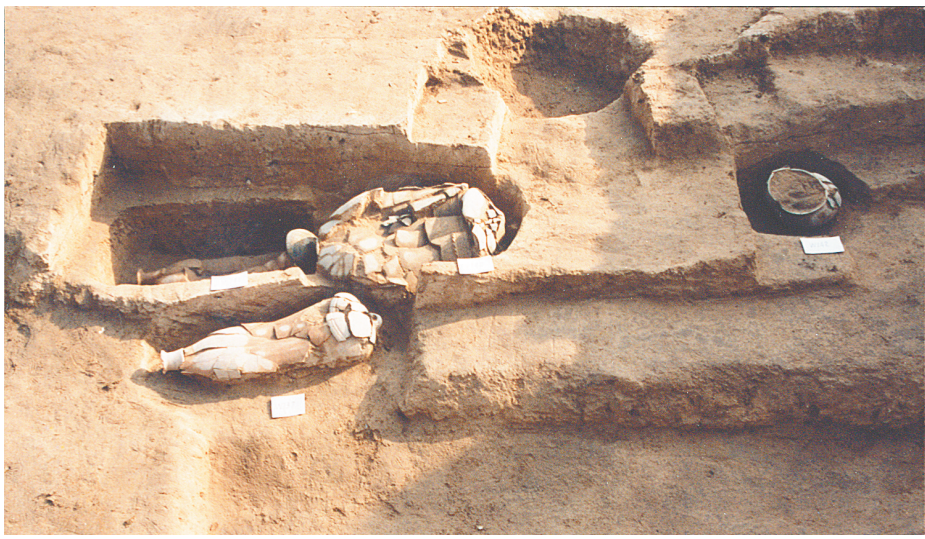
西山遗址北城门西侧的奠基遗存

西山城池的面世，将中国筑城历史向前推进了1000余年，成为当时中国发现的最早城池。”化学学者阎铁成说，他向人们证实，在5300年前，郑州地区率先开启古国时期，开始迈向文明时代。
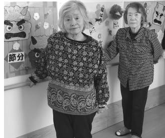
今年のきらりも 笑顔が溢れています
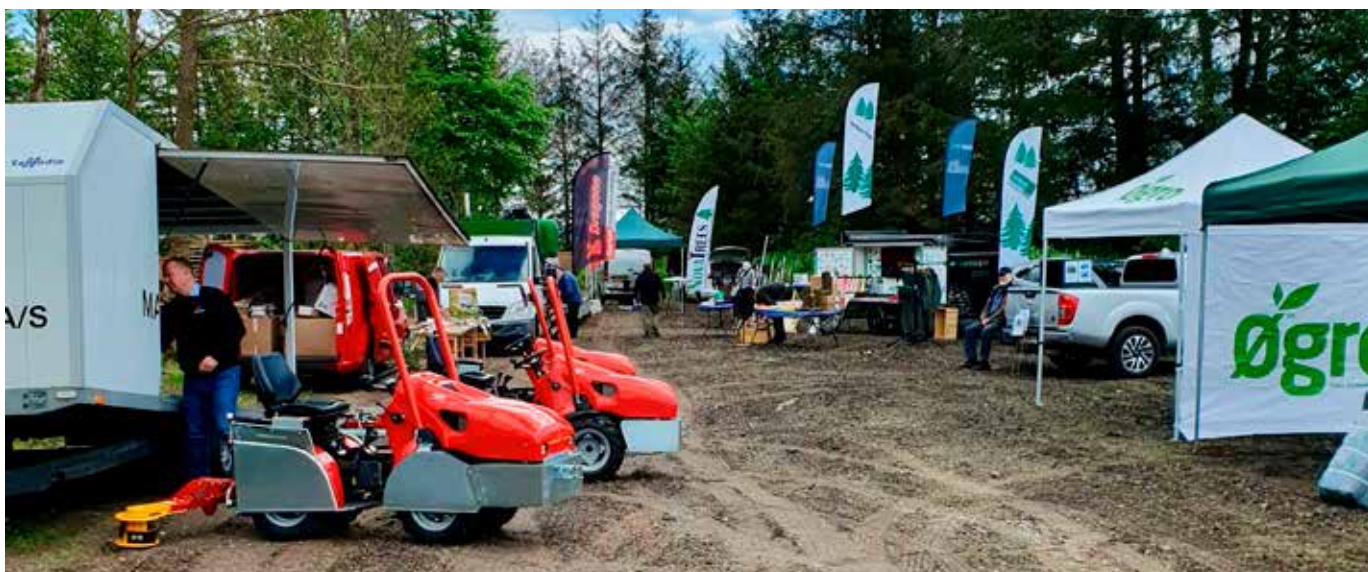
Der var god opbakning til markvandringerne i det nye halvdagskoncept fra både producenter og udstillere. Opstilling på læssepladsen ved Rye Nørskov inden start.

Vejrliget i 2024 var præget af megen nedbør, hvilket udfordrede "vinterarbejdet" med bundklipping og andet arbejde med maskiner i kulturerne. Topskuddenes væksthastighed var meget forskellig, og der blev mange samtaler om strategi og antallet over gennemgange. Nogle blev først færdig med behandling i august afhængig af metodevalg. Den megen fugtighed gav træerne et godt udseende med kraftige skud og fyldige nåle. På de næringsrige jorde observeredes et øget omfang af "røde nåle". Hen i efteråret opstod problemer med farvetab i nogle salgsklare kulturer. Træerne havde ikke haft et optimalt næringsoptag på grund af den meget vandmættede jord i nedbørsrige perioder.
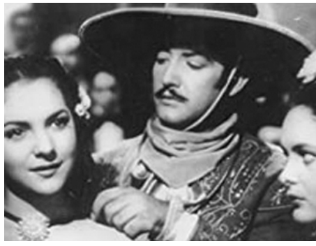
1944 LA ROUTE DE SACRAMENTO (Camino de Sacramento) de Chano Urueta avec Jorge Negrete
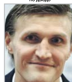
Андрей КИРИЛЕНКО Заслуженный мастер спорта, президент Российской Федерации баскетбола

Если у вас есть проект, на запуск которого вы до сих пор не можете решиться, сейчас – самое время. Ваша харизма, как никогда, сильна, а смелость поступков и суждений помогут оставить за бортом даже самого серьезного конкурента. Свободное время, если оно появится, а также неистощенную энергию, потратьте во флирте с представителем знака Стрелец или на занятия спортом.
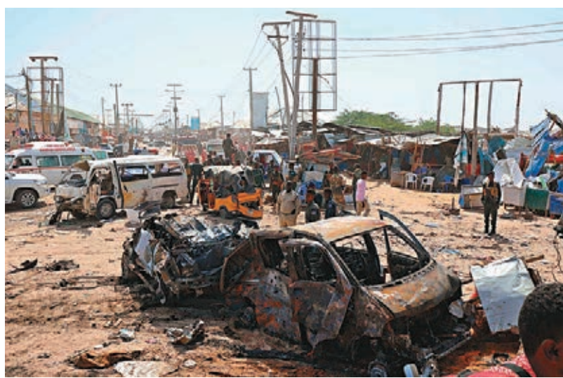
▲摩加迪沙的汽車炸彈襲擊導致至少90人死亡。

What to produce:
Would you return all of the data above word for word, omitting every picture?

Answer box:
西山遗址北城门西侧的奠基遗存

西山城池的面世，将中国筑城历史向前推进了1000余年，成为当时中国发现的最早城池。”化学学者阎铁成说，他向人们证实，在5300年前，郑州地区率先开启古国时期，开始迈向文明时代。
今年のきらりも 笑顔が溢れています
Der var god opbakning til markvandringerne i det nye halvdagskoncept fra både producenter og udstillere. Opstilling på læssepladsen ved Rye Nørskov inden start.

Vejrliget i 2024 var præget af megen nedbør, hvilket udfordrede "vinterarbejdet" med bundklipping og andet arbejde med maskiner i kulturerne. Topskuddenes væksthastighed var meget forskellig, og der blev mange samtaler om strategi og antallet over gennemgange. Nogle blev først færdig med behandling i august afhængig af metodevalg. Den megen fugtighed gav træerne et godt udseende med kraftige skud og fyldige nåle. På de næringsrige jorde observeredes et øget omfang af "røde nåle". Hen i efteråret opstod problemer med farvetab i nogle salgsklare kulturer. Træerne havde ikke haft et optimalt næringsoptag på grund af den meget vandmættede jord i nedbørsrige perioder.
1944 LA ROUTE DE SACRAMENTO (Camino de Sacramento) de Chano Urueta avec Jorge Negrete
Андрей КИРИЛЕНКО Заслуженный мастер спорта, президент Российской Федерации баскетбола

Если у вас есть проект, на запуск которого вы до сих пор не можете решиться, сейчас – самое время. Ваша харизма, как никогда, сильна, а смелость поступков и суждений помогут оставить за бортом даже самого серьезного конкурента. Свободное время, если оно появится, а также неистощенную энергию, потратьте во флирте с представителем знака Стрелец или на занятия спортом.
▲摩加迪沙的汽車炸彈襲擊導致至少90人死亡。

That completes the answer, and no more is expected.